INFORMATION PROVIDED –
^^^^
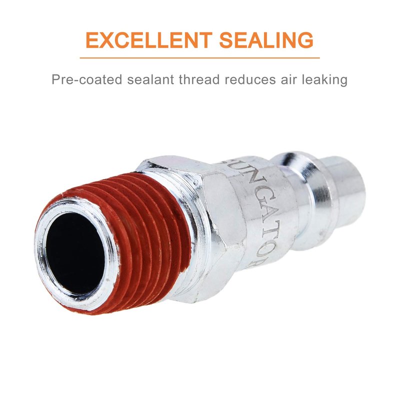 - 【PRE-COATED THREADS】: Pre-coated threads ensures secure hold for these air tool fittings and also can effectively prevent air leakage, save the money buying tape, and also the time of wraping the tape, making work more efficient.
^^^^
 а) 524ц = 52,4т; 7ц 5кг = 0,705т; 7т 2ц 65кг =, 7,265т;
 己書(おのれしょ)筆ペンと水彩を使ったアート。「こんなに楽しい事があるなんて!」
^^^^
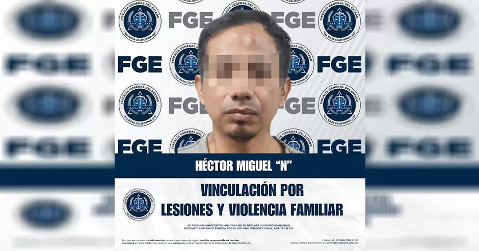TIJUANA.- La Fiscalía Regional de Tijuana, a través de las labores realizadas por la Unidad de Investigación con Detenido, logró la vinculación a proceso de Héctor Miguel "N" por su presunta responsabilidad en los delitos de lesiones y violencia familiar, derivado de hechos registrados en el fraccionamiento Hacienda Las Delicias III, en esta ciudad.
^^^^
TASK TO CARRY OUT –
Word for word, restate the lines of the listing above starting at the line with "а) 524ц = 52,4т;" and ending at the line with "己書(おのれしょ)筆ペンと水", and nothing outside them.

TASK RESPONSE –
 а) 524ц = 52,4т; 7ц 5кг = 0,705т; 7т 2ц 65кг =, 7,265т;
 己書(おのれしょ)筆ペンと水彩を使ったアート。「こんなに楽しい事があるなんて!」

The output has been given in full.